Quelles sont les améliorations que tu vois pour la VAR ?

Il y a un progrès à faire au niveau de la prise de décision je pense. C’est le débat en ce moment un peu partout dans les autres grands championnats. Les décisions sont trop longues à être prises et cela péjore tout le monde, joueurs comme spectateurs dans le stade. En Suisse, par contre, j’ai l’impression que les décisions sont prises trop vite. L’arbitre fait totalement confiance aux arbitres-VAR à Zürich et ne va que rarement voir de lui-même les images. Il doit y avoir un juste milieu. Il y a également un problème de cohérence. Deux situations similaires peuvent amener des décisions différentes. Quand il n’y avait pas de vidéo, on entendait que les arbitres pouvaient avoir des interprétations différentes d’actions similaires. Avec la vidéo, je pense qu’on devrait pouvoir juger de la même manière des fautes identiques. 

Cela crée-t-il de la frustration lorsque l’arbitre ne va pas voir les images?

C’est vrai que j’ai rarement vu un arbitre aller voir de lui-même une action. Il met la main à l’oreillette pendant quelques secondes et le jeu reprend. Ce n’est peut-être pas plus mal vous me direz.
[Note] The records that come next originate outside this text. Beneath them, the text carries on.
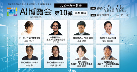 「AI博覧会 Summer 2025」第10弾スピーカー発表では、日本を代表する8名によるカンファレンスを実施します。ぜひご参加ください。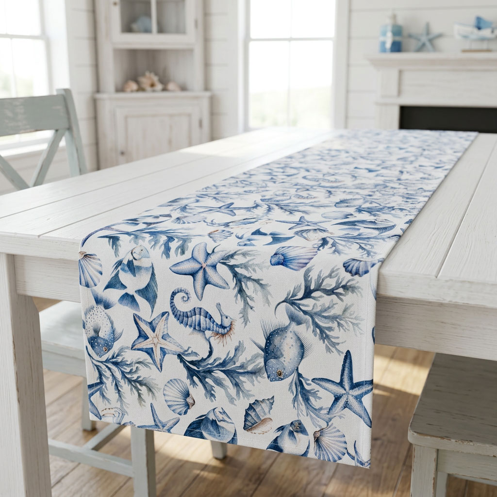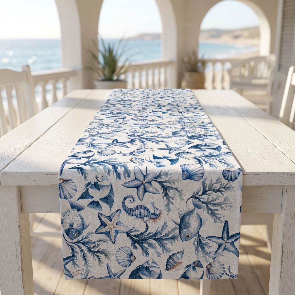 Тишлайфер за маса „Син морски свят“ е създаден за интериори, които търсят баланс между спокойствие, характер и фино декоративно присъствие. Дизайнът в бяло и синьо е вдъхновен от морето и съчетава деликатни илюстрации на морски звезди, раковини, корали, риби и морски кончета. Така тишлайферът превръща обикновената маса в стилен акцент с ясно изразена атмосфера.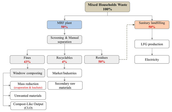 The amount of MSW produced per capita in Shiraz is assessed to be 0.645 kg per day. The main ratio of MSW is collected as mixed and low fractions of dry waste, which are segregated at source. The informal sector affects the MSW stream significantly, and it is estimated that half of the dry valuable waste is collected by them. Half of the collected mixed waste is subjected to material recovery, and the remaining half is landfilled directly (Figure 1). The disposal method is sanitary landfilling, and the landfill’s trenches are equipped with a Landfill Gas (LFG) collection system. LFG is used for electricity production at the biogas power plant.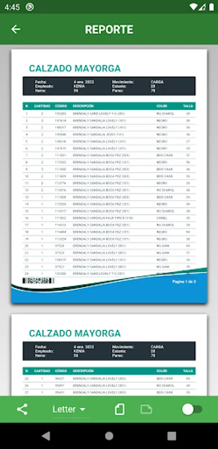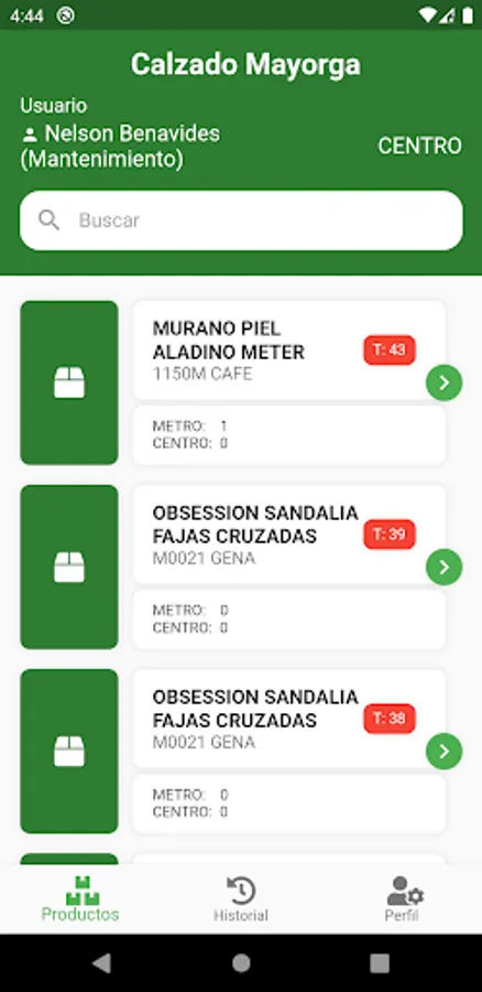 Tool for loading, unloading, transfers and pre-purchase of Calzado Mayorga inventory
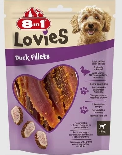 8in1 Lovies kacsafilék ízletes kacsamellszeletek, amelyek nyersbőr- és búzamentes recept alapján, hozzáadott cukor nélkül készülnek.

Des fois, tu as envie de l’inviter à aller voir de lui-même les images, c’est lui l’arbitre principal, non ?

Est-ce que la VAR a changé ton rapport aux arbitres ? Est-ce que tu « râles » toujours autant sur un terrain ?

Cela n’a pas changé les rapports entre joueurs et arbitres. En revanche, cela change notre manière de jouer. On ne défend plus de la même façon dans la surface par exemple. On sait que le moindre petit contact peut amener un penalty après révision des images. On doit contrôler notre agressivité.